I'm not advocating eternal singlehood. Indeed, relationships can be the catalyst pushing you to confront yourself. But think of a partner as someone who complements rather than completes you.

Beyond our romantic relationships, this lesson is equally applicable to social friends. In our constant quest to make up for adolescent alienation, gay men can fall prey to surrounding ourselves with acquaintances who we think complete us. You know what I'm talking about -- that pull to socialize with the most attractive guys in town, successful A-listers, and if you're truly lucky, a real-life "homo-lebrity." Befriend those folk if they are truly buddy material, but not to validate yourself by being in their orbit.

The best people, romantic partners or good friends, help us nurture our better selves. But no person can complete you. That is your life's work. And that is what Oprah would want you to realize.

Lesson #4: You don't need a lover to have love in your life.
This mantra comes from the same interview with Jenny McCarthy that spawned lesson #3. But these words came from McCarthy herself. In the throes of her breakup with Jim Carrey, Jenny emphasized that love comes from many sources, not just from a lover.

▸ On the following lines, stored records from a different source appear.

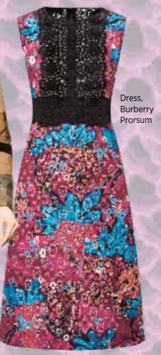
Dress, Burberry Prorsum
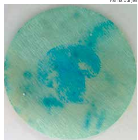
Figure 3: Left: iron(III) chloride filter paper with mushroom print; right: after treatment with potassium hexacyanoferrate(III) solution, showing presence of vitamin C in the mushroom print
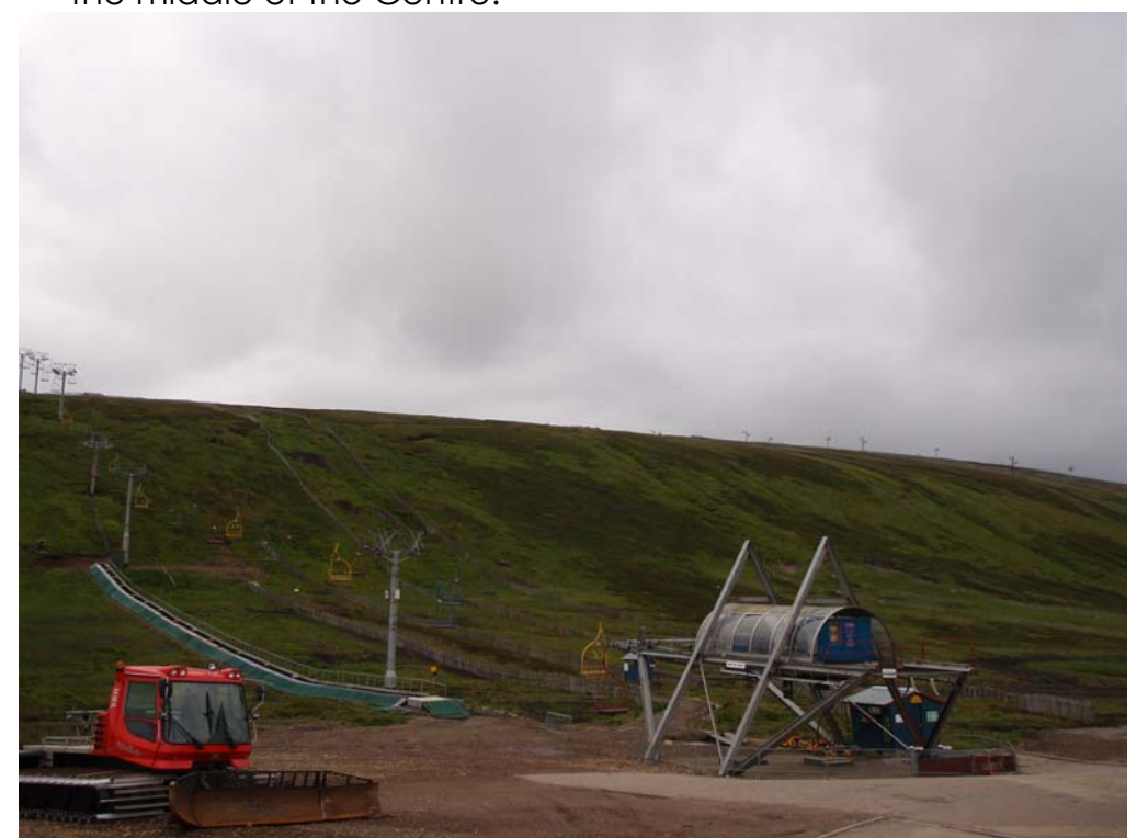
Fig. 2. Existing chairlift and site of proposed trails

1. The Lecht Ski Centre is located on the A939 Cockbridge to Tomintoul Road approximately 9km to the south east of Tomintoul. The Centre consists of ski tows, including a chairlift, and ski runs either side of the valley, car parking areas either side of the main Centre building, a house for the on-site manager, and some workshop accommodation. The A939 passes through the middle of the Centre.
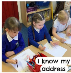
I know my address
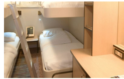
Polar Outside. From
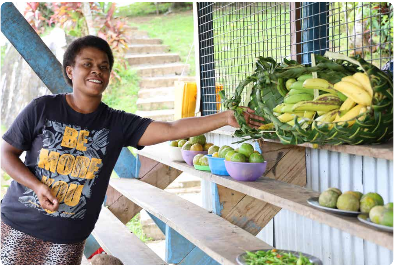
At the market near Suva, Fiji.
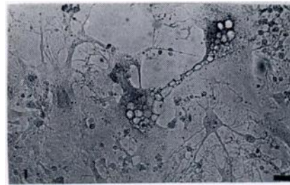
Photomicrograph of Vero cell inoculated with buffy coat cell blood fraction from PPR virus-inoculated deer. Note the CPE. Bar = 100 \mu m.

The three deer that survived the PPR virus infection (bucks #1, 4 and 5) developed virus neutralizing antibodies in their sera (Table 2).
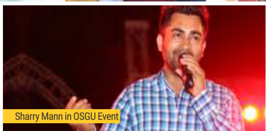
Sharry Mann in OSGU Event
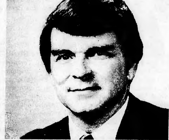
Senator Joseph Thomas
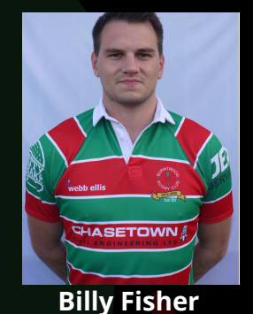
Centre Player requires sponsor
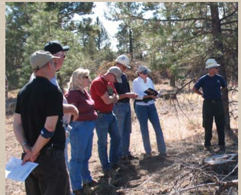
SageSTEP researchers and federal employees on a field tour of the Devine Ridge woodland site in fall 2006.

Each workshop will include a half-day session at a cooperating BLM field office for presentations and discussions and a half-day field trip to one of the SageSTEP sites where treatments have been implemented. BLM and Forest Service personnel, the research team, permittees, and other interested parties are invited. We hope to make these workshops an annual event where researchers and managers can share information. For more information about these workshops contact Nora_Devoe@nv.blm.gov .
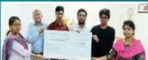
Students from SRFASLP Faculty of Engineering and Technology (SFET), secured 3 places in the 'Machinex' competition, held on 12 th December 2024 by INCO.
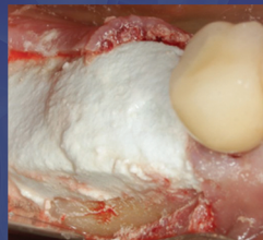
Bond Apatite in place (one minute application time)

How true this is for the LGBT community. Until recent history, same-sex relationships lacked formal recognition, and parenting by same-sex couples was not common. Consequently, gay men and lesbians are good at creating our own versions of family -- filled with not just lovers, but also with friends and relatives. For those alienated from their immediate families because of their sexual orientation, finding support from gay friends is vital. Despite its often superficial nature, the gay community constantly impresses me with its power to circle its members with love.

I have often wondered whether gays and lesbians have a greater appreciation than straight people for those who love us. Our gay friends already share a strong bond with us; our straight relatives and friends must be open-minded enough to accept us unconditionally. Either way, we should deeply value the love in our lives from all sources.

Lesson #5. Live your best life.
Not just a message from any single episode, this is Oprah's ultimate brand and mission. It tells Oprah fans to improve themselves and their life.

I interpret the mantra somewhat differently for the LGBT audience: Live your best life with all the rights available in this extraordinary time. While there is much more to be accomplished in our community's quest for full acceptance, we have come far in securing legal recognition and building tolerance.

Take advantage of the panoply of hard-won rights now offered in many states. Claim domestic-partner health benefits. Object if you are the victim of discrimination in housing or employment. If it's right for your life and available in your state, register as domestic partners or get married. Adopt or give birth to children if your heart tells you to parent. And soon you can enlist in the U.S. military if you choose to serve our country.

Our gay forefathers and foremothers did not have these choices. Appreciate these options and use them to live your best life. In doing so, you will pave the way for the LGBT community to win more legal rights for the generations to follow.

This isn't exactly what Oprah has in mind when she proclaims "Live your best life." But in the vein of her mission to teach people how they can better the world, I'm sure it's a lesson Oprah would want you to learn.